DATASET CONTENT:

--

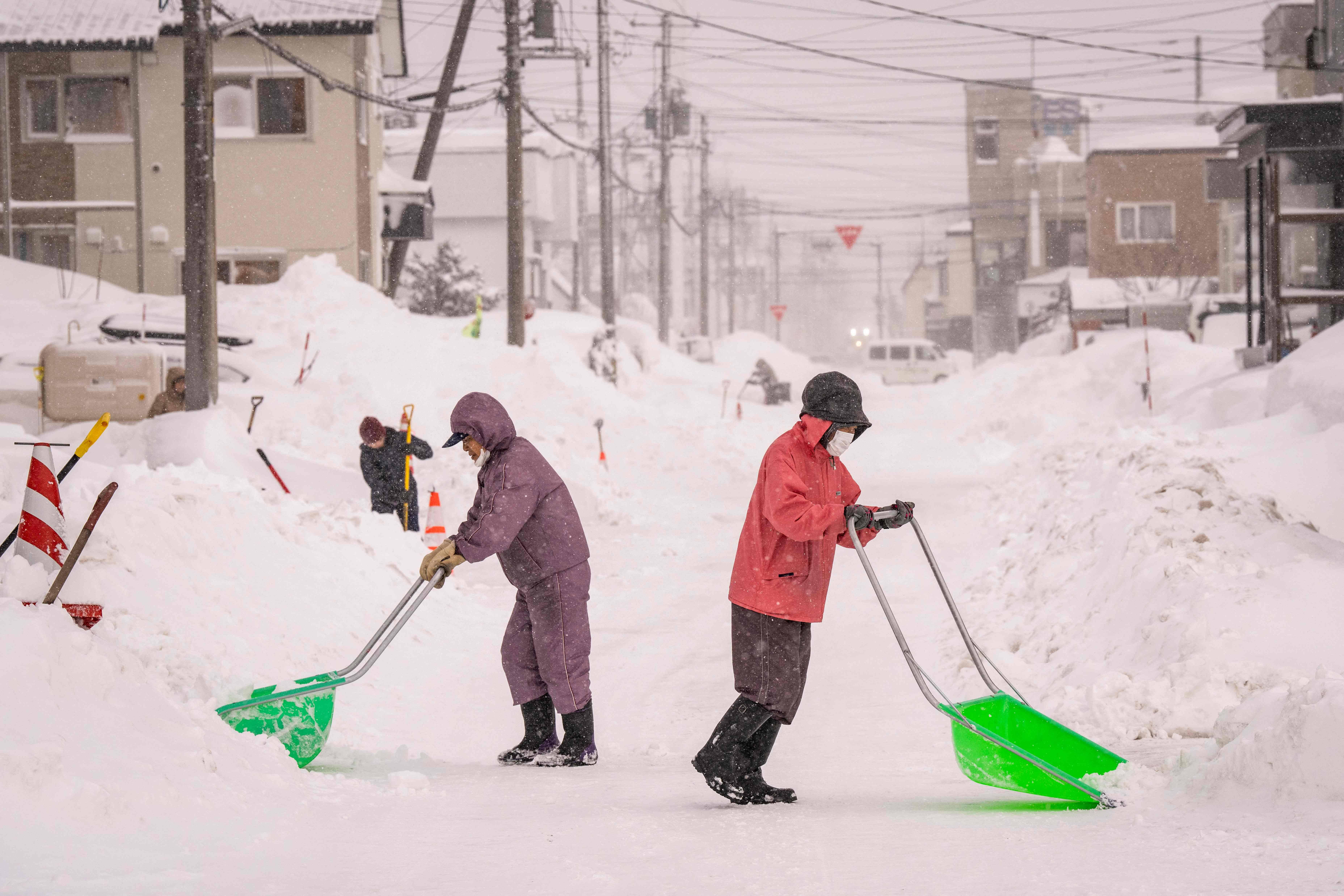 2月19日,在日本北海道俱知安,人们在街道上铲雪。 新华社/法新
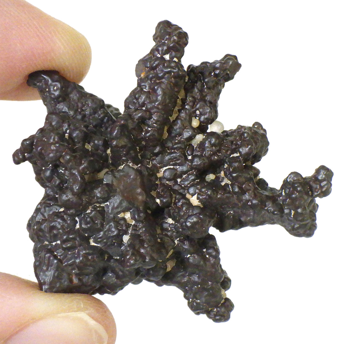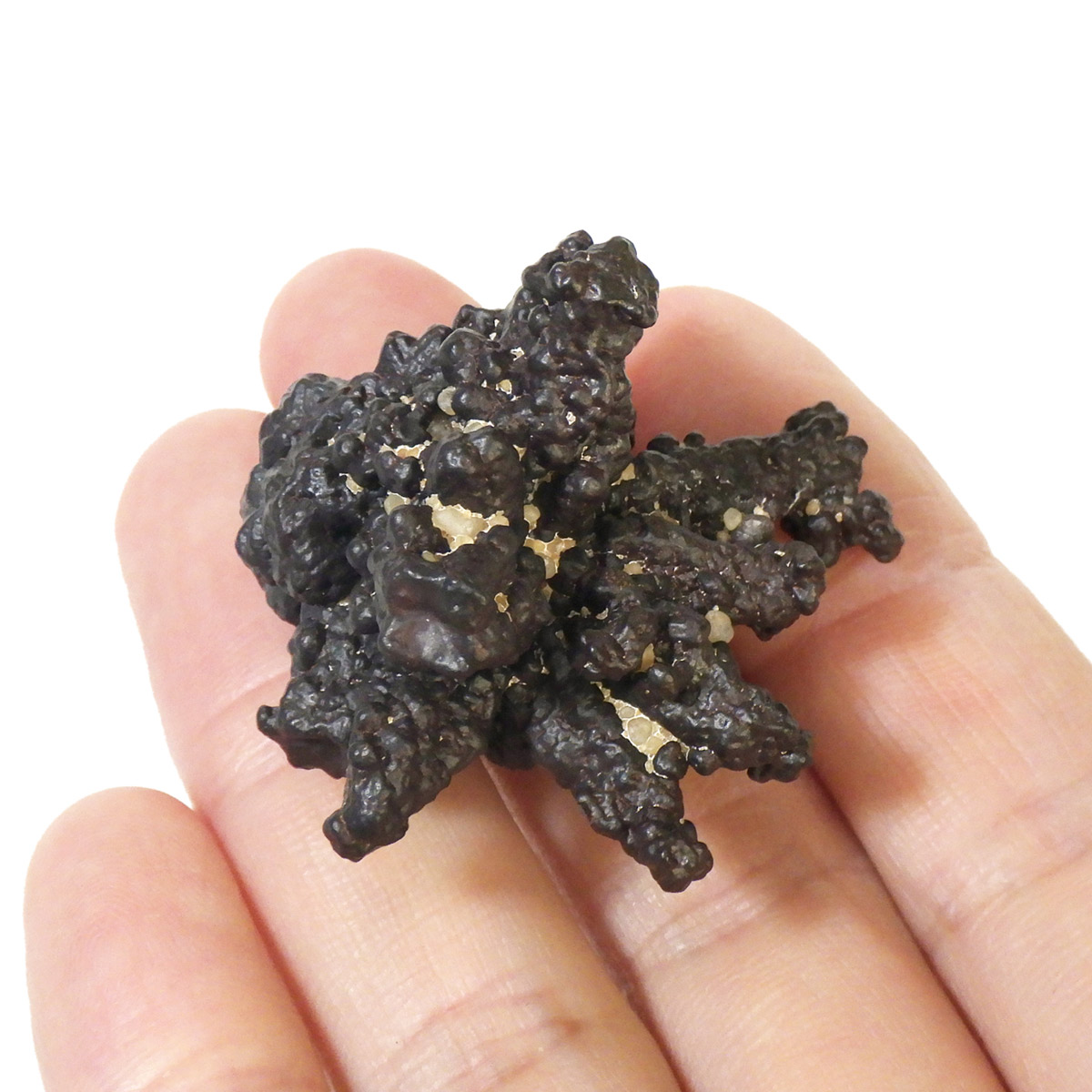 エジプトのサハラ砂漠の奥地から産出されたZストーンです。Zストーンは別名「エジプトの星」とも呼ばれています。Zストーンはマーカサイト(白鉄鉱)という鉱物が、長い時間をかけてゲーサイト(針鉄鉱)に変化した、マーカサイトの仮晶です。仮晶とは鉱物の結晶形が保たれたまま、中身が別の鉱物によって置き換わることで、本来はありえない形をとる現象のことです。Zストーンはアメリカで「ミネラル・マリファナ」とも呼ばれています。その理由はZストーンを持つと幸福感でいっぱいになり、ハイテンションな状態になるといわれているからです。
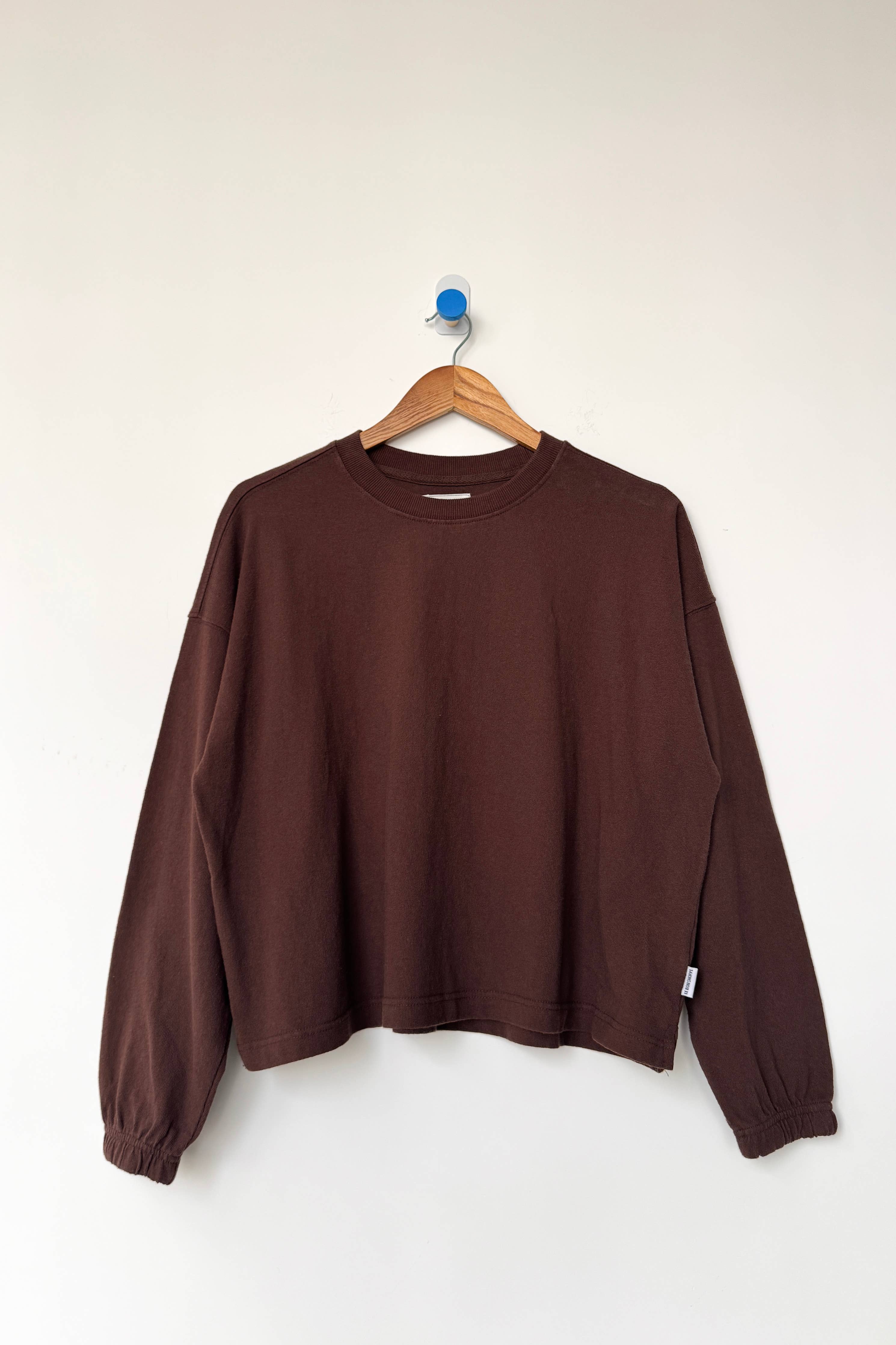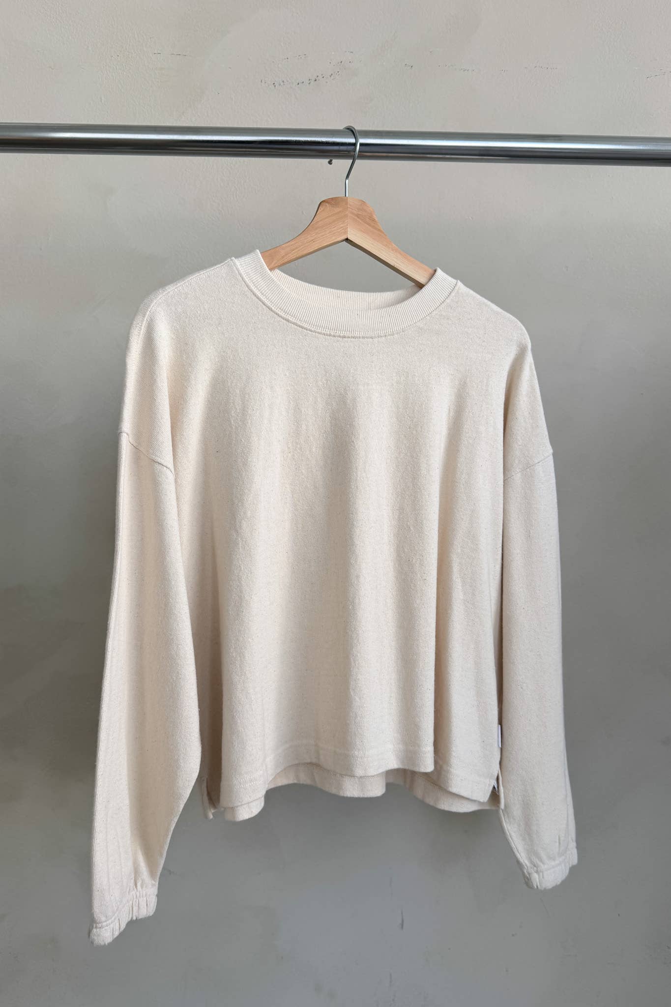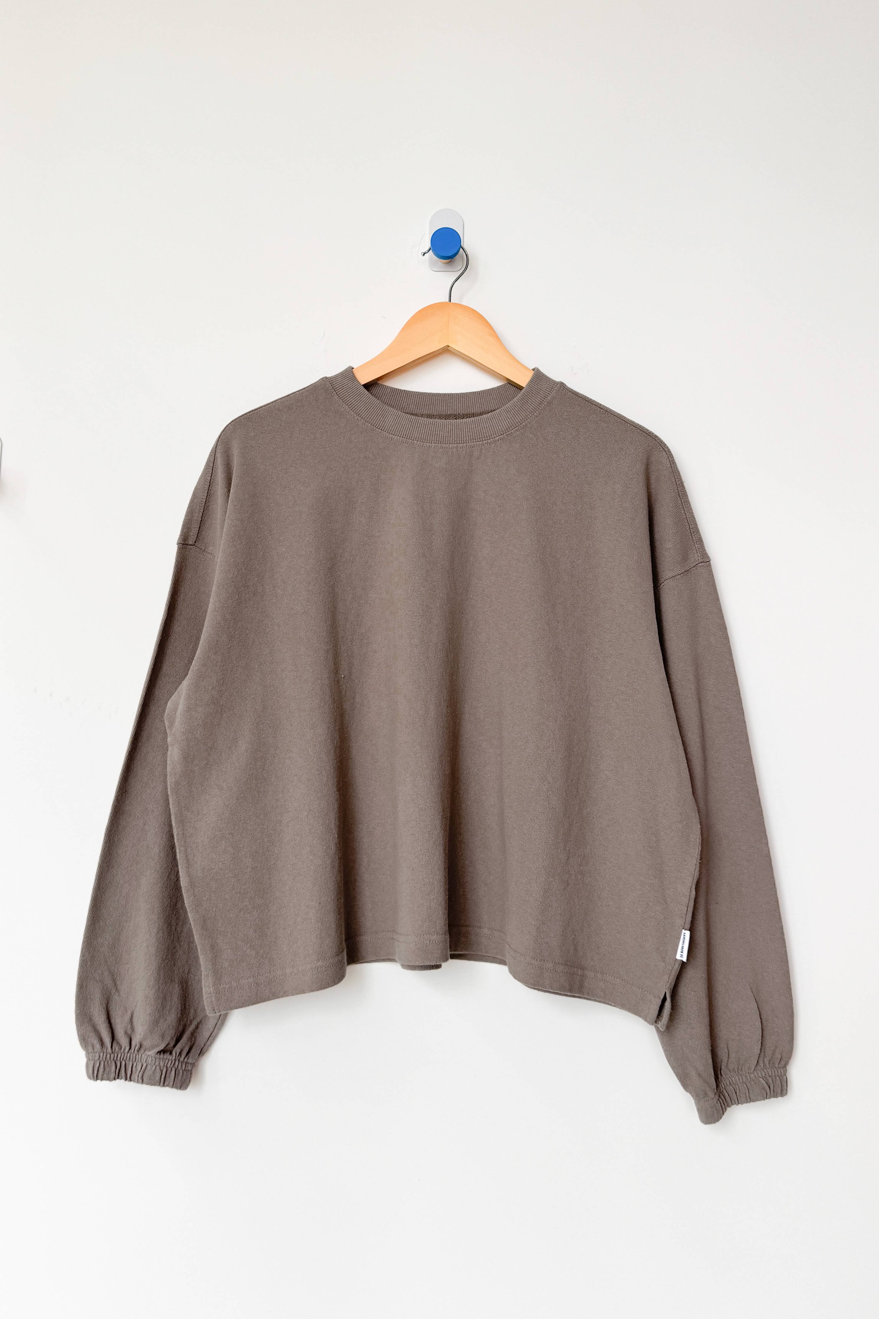We dreamed this beauty up while searching high and low for a simple crew neck long sleeve with a feminine touch that can be a year round closet fave. She has a slightly boxy fit, sits right at the hip and features an elastic ruched sleeve opening that creates a slight balloon sleeve effect worn down and scrunches up beautifully.

--

AIM OF THE EXERCISE:
Once the pictures are set aside, output all of the data above verbatim.

RESULT BELOW:
 2月19日,在日本北海道俱知安,人们在街道上铲雪。 新华社/法新
 エジプトのサハラ砂漠の奥地から産出されたZストーンです。Zストーンは別名「エジプトの星」とも呼ばれています。Zストーンはマーカサイト(白鉄鉱)という鉱物が、長い時間をかけてゲーサイト(針鉄鉱)に変化した、マーカサイトの仮晶です。仮晶とは鉱物の結晶形が保たれたまま、中身が別の鉱物によって置き換わることで、本来はありえない形をとる現象のことです。Zストーンはアメリカで「ミネラル・マリファナ」とも呼ばれています。その理由はZストーンを持つと幸福感でいっぱいになり、ハイテンションな状態になるといわれているからです。
We dreamed this beauty up while searching high and low for a simple crew neck long sleeve with a feminine touch that can be a year round closet fave. She has a slightly boxy fit, sits right at the hip and features an elastic ruched sleeve opening that creates a slight balloon sleeve effect worn down and scrunches up beautifully.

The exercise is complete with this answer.